Friday, January 27, 2012

Are we smart enough...

to elect effective representatives, or politicians as they are more commonly known ?

A conversation I engaged in earlier this week set my mind wondering if, in fact, common everyday people have the mental where-with-all to evaluate and vote for people with altruistic motives who will actually endeavor to do the best thing for the country and it's populace.

Today I don't even want to talk about the lobbyists who purchase laws favorable to their clients.

No, I want to look at some personal choices ordinary people make in their lives and ponder whether they can be trusted to make better choices when electing Representatives to U.S. government offices.

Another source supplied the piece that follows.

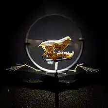 The Waitomo Caves Museum has a small, but significant, subfossil palaeofaunal collection (bones of extinct species), owing to the plentiful tomo (the dolines or sinkholes for which Wai-tomo is named) scattered throughout the surrounding karst landscape. It holds fossil remains and speleological specimens from local caves. The museum has a long association with eminent geological and palaeontological experts, such as Paul W. Williams and Trevor Worthy. Specimens from the museum collection are referenced in dozens of books and published journal articles.[5][6][7][8][9][10][11]
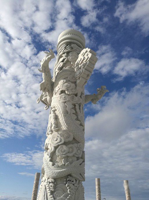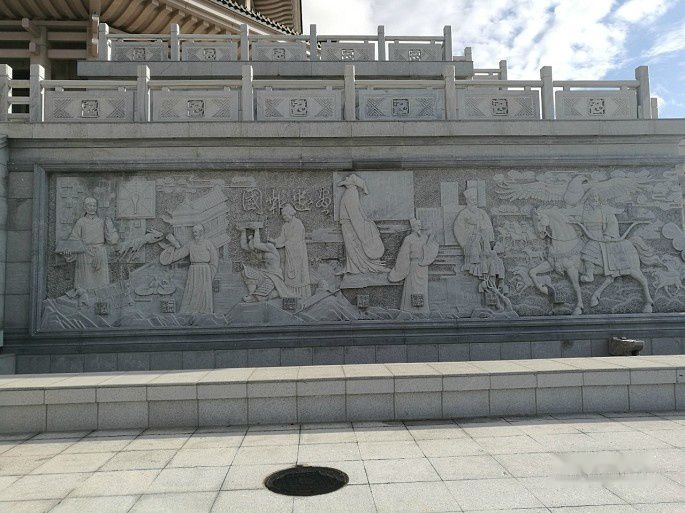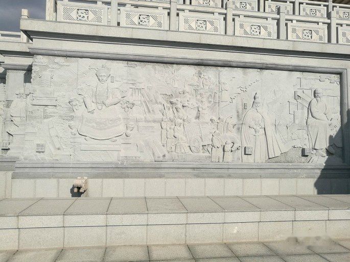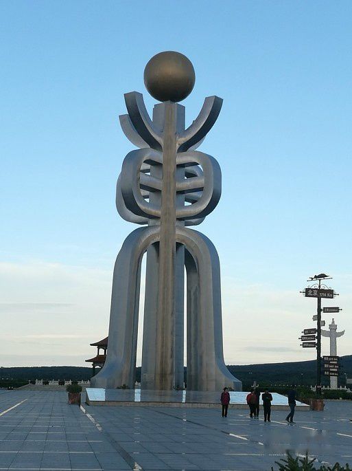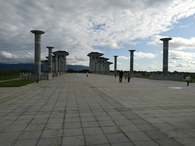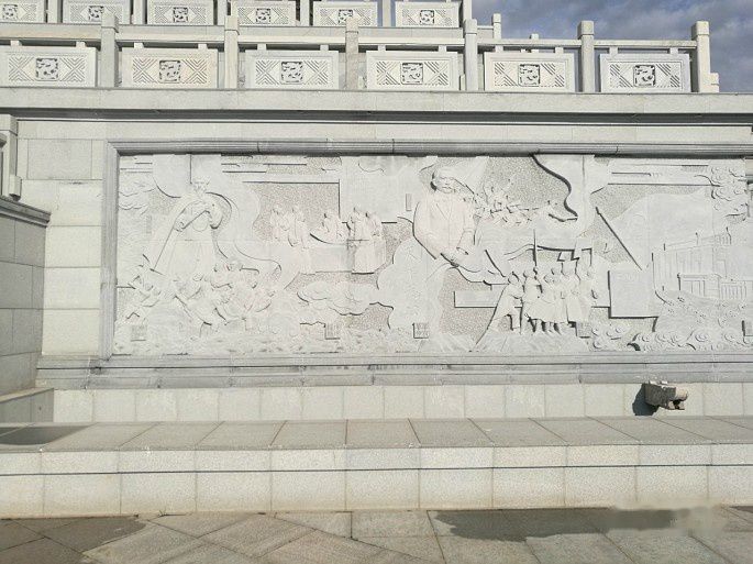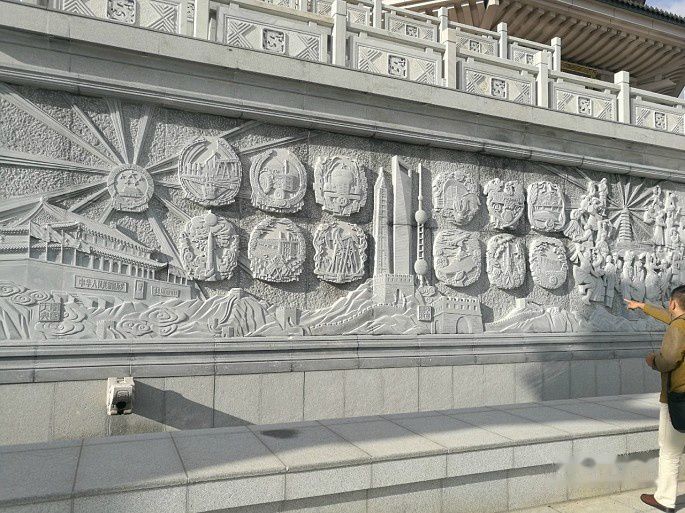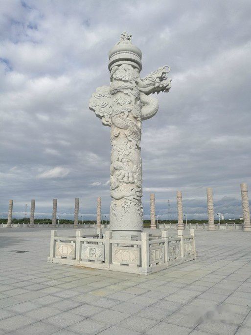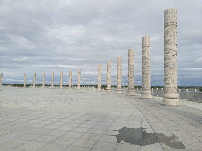 广场布设60根青石盘龙浮雕柱,周边的56根代表中华56个民族,

The fact that smoking causes lung cancer became public in  the 1920's by scientists in Germany.  Here in the U.S.,  in 1964 (the year I started smoking cigarettes,) the Surgeon General declared a link between cancer and smoking. It took twenty years before an aggressive effort began to discourage smoking in this country and even longer in some European countries..  Yet today people of voting age continue to smoke and  I doubt if any of them can say they are not aware of the facts that smoking has a deleterious impact on the users health.  Why should I believe that the personal choice to ruin ones health for momentary satisfaction can give rise to good choices in picking politicians?

How about the choice to over-eat to the point of Morbid obesity, and it is a choice.  Of that I have no doubt.

Or the fellow, or gal for that matter, who chooses to spend the weekly rent money or family grocery money in the local tavern or opium den.  What do you think of their history of making good choices.

The driver who chooses to drive drunk,  the rapist, the pedophile, the robber, murderer etc. etc.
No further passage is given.